BBNs are particularly useful when there are uncertainties in the available information used to construct a model, something typically associated with environmental modelling (Newton, 2009a). For example, Newton (2009c) used a Bayesian Network to produce IUCN Red List (www.redlist.org) classifications for taxa in situations where the input data were uncertain. Newton et al. (2007) suggest that a key feature of BBNs is that the results are presented as probability distributions or relative likelihoods of different outcomes, which provides a highly visual means of representing the uncertainty surrounding the potential outcomes of, for example, conservation management interventions. Smith et al. (2007) also highlight the suitability of BBNs for species habitat modelling in data and information poor environments, and for accounting for uncertainty in data and knowledge. These features, as well as the ability of BBNs to combine empirical data with expert judgement, makes them an extremely flexible and useful modelling tool (Smith et al., 2007).

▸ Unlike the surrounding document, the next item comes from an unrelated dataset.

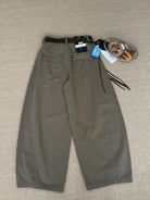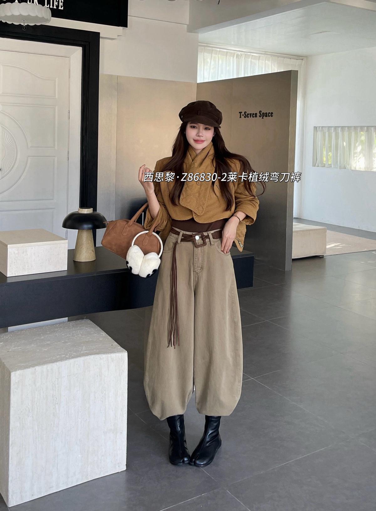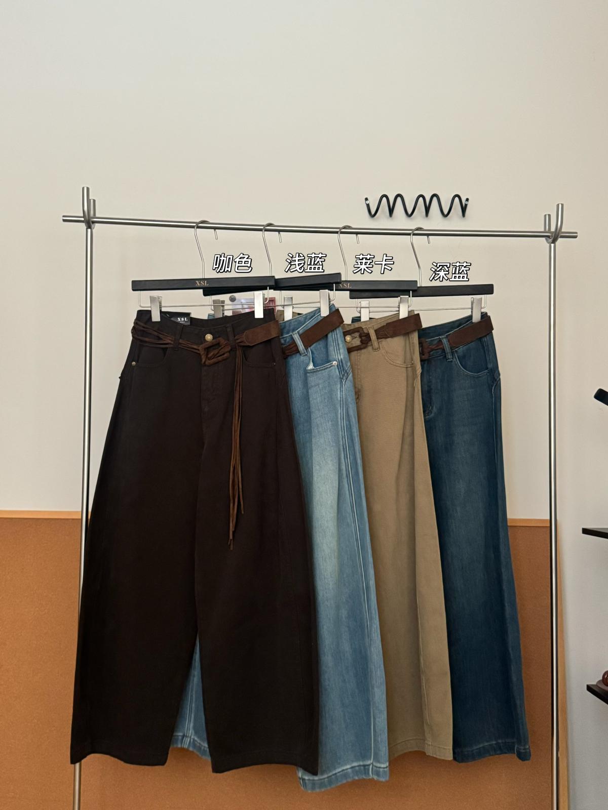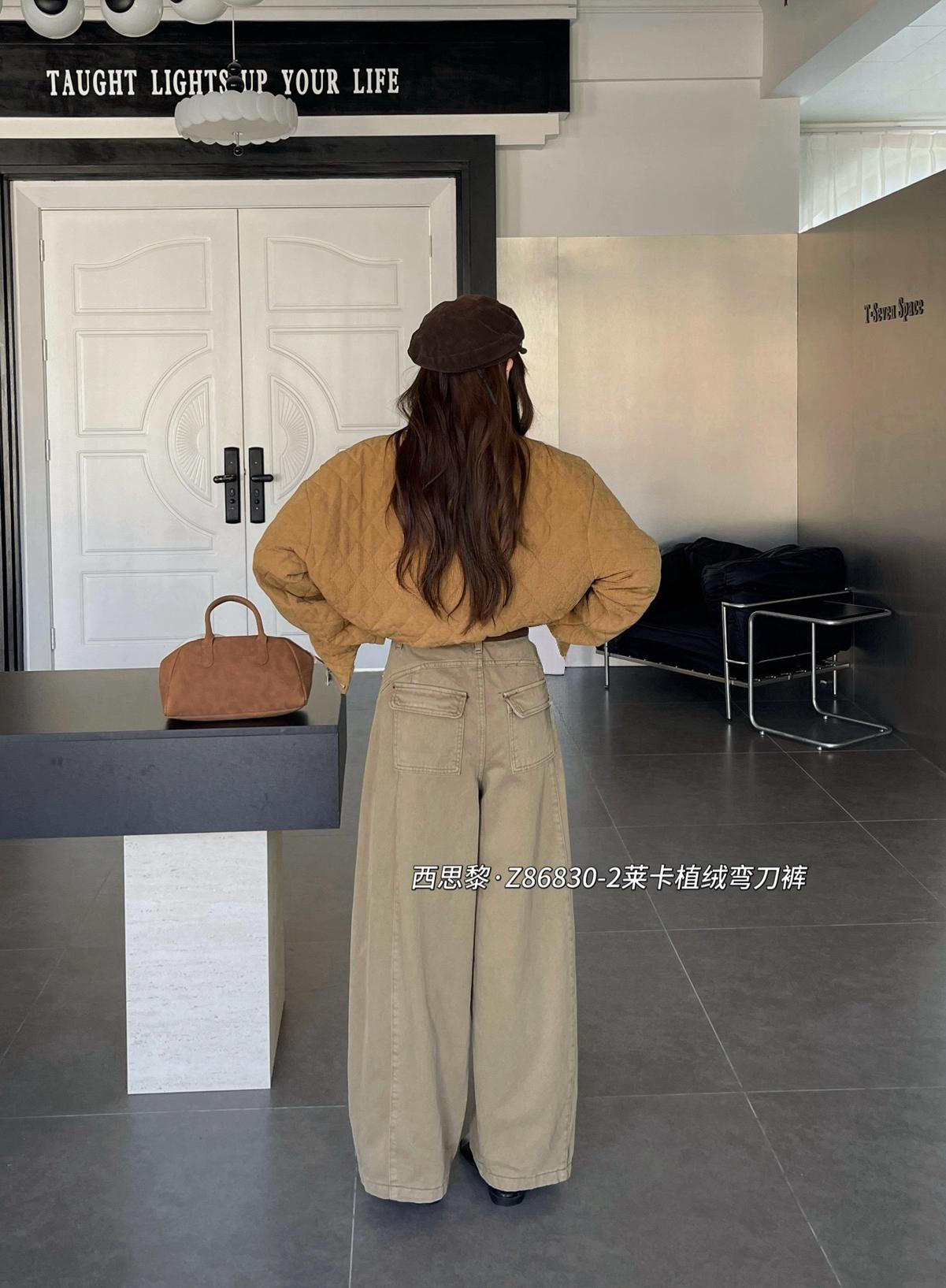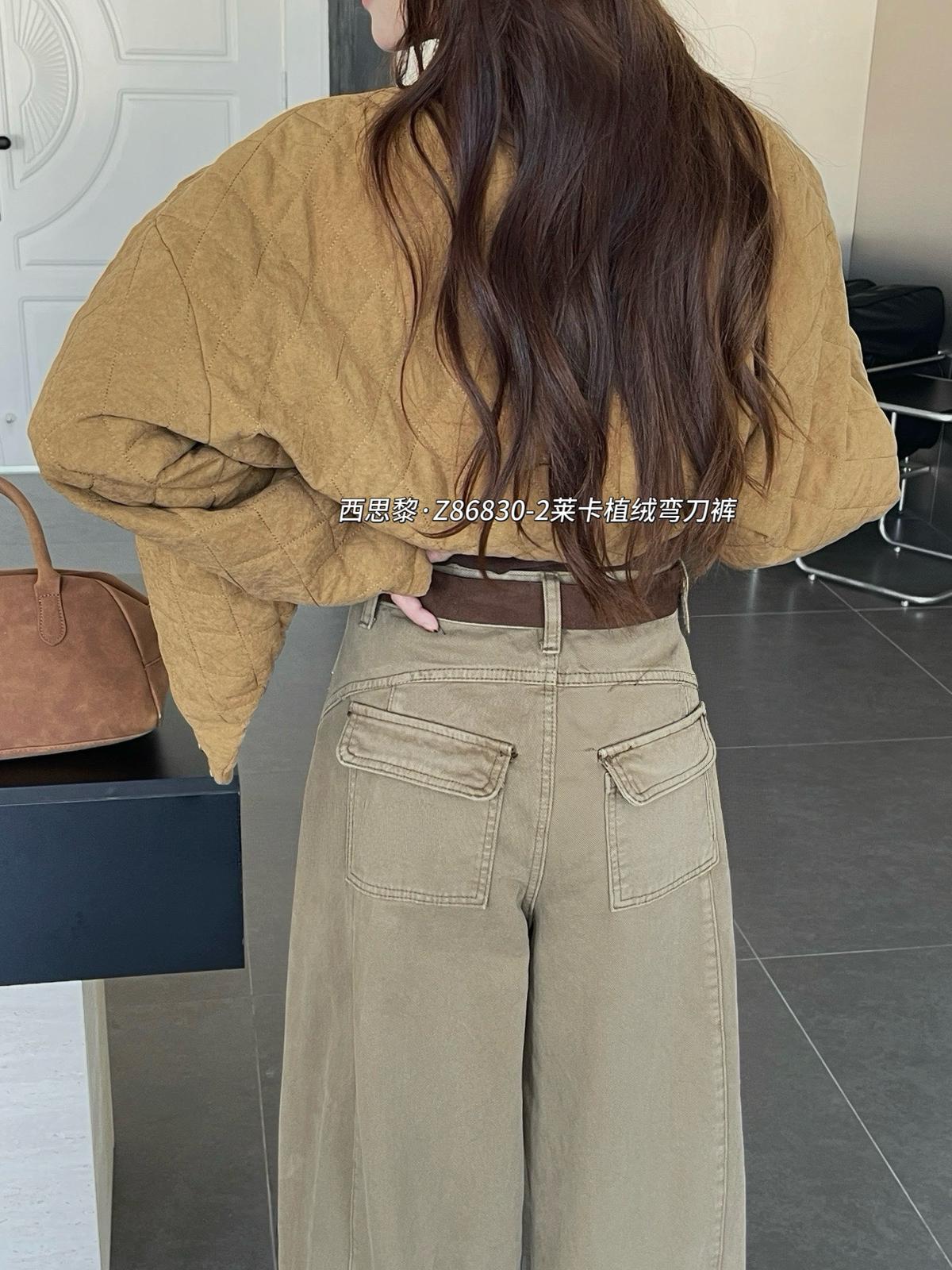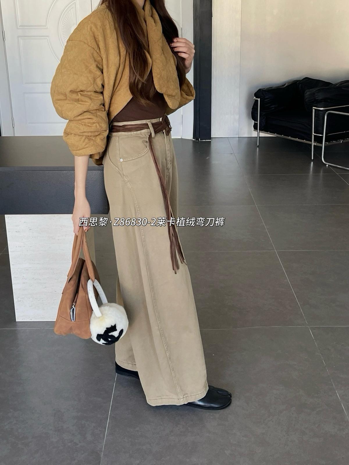 【C8085】重磅推薦植絨彎刀褲版型顯瘦不臃腫慵懶隨性感輕鬆拿捏牛仔褲(配腰帶)

However, despite their advantages, BBNs are prone to many of the general limitations common to other modelling approaches, including the difficulty of incorporating all sources of causality, uncertainty and variability in a model without errors and inaccuracies (McCann et al., 2006). In addition, in some environmental domains, the interactions among variables may be highly complex and difficult to quantify (Gu et al., 1996). BBNs, like other decision models, may oversimplify criteria affecting a decision and fail to depict subtle variations of decisions and changing conditions that so often occur in real-world situations (Nyberg et al., 2006).
135
A further shortcoming of BBNs is that they do not strictly permit feedback functions either within a node or from response (output) variables back to predictor (input) variables. Feedback can be important in many systems such as density-dependent survivorship and reproduction in wildlife population models and consumer performance in economic models (Nyberg et al., 2006). They are also poorly suited to examine dynamics over time, although there are some approaches that can be used to overcome this (Newton, 2009a). Another issue is that discretising continuous- variable distributions, as is necessary in most BBNs, might oversimplify state responses (Nyberg et al., 2006). Some of these drawbacks will be more of an issue in certain applications than others, but Nyberg et al. (2006) suggest that BBNs be viewed as decision-aiding tools to help inform and advise the decision-maker who, ultimately, must weigh the ramifications of decisions that can be far more subtle and complex than any model can depict. As with any modelling approach, it is important that BBNs are used with appropriate knowledge of their strengths and weaknesses (Nyberg et al., 2006).